## Records shown
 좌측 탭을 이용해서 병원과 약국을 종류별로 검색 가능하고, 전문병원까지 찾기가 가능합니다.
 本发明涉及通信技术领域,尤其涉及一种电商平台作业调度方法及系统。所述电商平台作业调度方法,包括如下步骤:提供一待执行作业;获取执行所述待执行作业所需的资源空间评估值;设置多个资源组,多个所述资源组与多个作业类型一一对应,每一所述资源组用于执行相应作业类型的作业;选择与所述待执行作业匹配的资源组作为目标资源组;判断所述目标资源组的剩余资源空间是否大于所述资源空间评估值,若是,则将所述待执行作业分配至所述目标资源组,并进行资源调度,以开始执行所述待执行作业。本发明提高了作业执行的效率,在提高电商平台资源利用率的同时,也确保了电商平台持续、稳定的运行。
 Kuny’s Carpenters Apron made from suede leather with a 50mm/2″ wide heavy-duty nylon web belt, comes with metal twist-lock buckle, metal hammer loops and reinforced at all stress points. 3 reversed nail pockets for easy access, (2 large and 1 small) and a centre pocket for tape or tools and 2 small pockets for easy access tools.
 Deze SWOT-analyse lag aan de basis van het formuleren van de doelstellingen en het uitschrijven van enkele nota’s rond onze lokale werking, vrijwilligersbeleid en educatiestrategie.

==

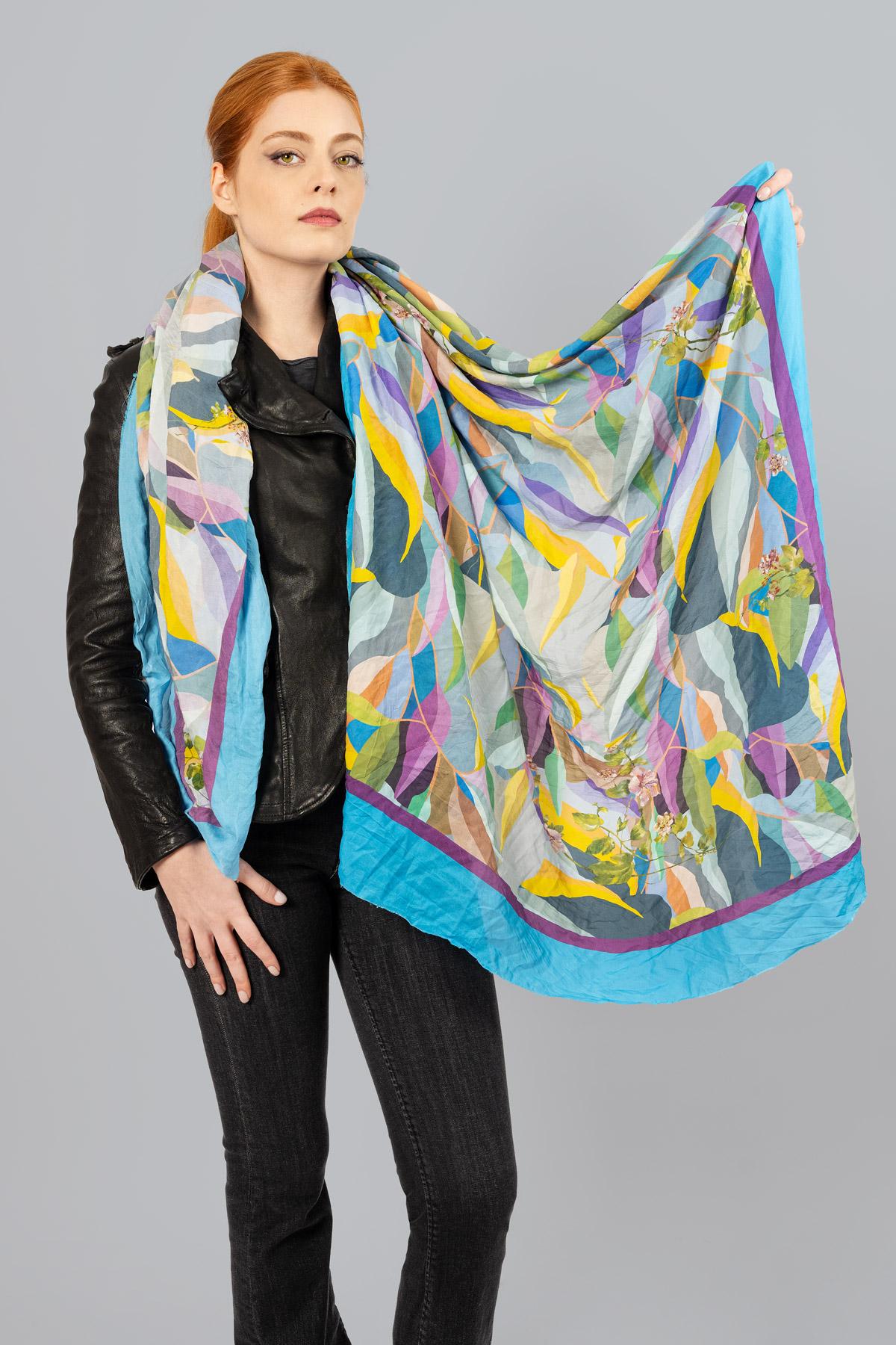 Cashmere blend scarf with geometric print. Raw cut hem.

## Directions
Would you please copy, word for word, everything above from the line containing "좌측 탭을 이용해서 병원과" down to the line containing "本发明涉及通信技术领域,尤其", those two lines included?

## Answer to the exercise
 좌측 탭을 이용해서 병원과 약국을 종류별로 검색 가능하고, 전문병원까지 찾기가 가능합니다.
 本发明涉及通信技术领域,尤其涉及一种电商平台作业调度方法及系统。所述电商平台作业调度方法,包括如下步骤:提供一待执行作业;获取执行所述待执行作业所需的资源空间评估值;设置多个资源组,多个所述资源组与多个作业类型一一对应,每一所述资源组用于执行相应作业类型的作业;选择与所述待执行作业匹配的资源组作为目标资源组;判断所述目标资源组的剩余资源空间是否大于所述资源空间评估值,若是,则将所述待执行作业分配至所述目标资源组,并进行资源调度,以开始执行所述待执行作业。本发明提高了作业执行的效率,在提高电商平台资源利用率的同时,也确保了电商平台持续、稳定的运行。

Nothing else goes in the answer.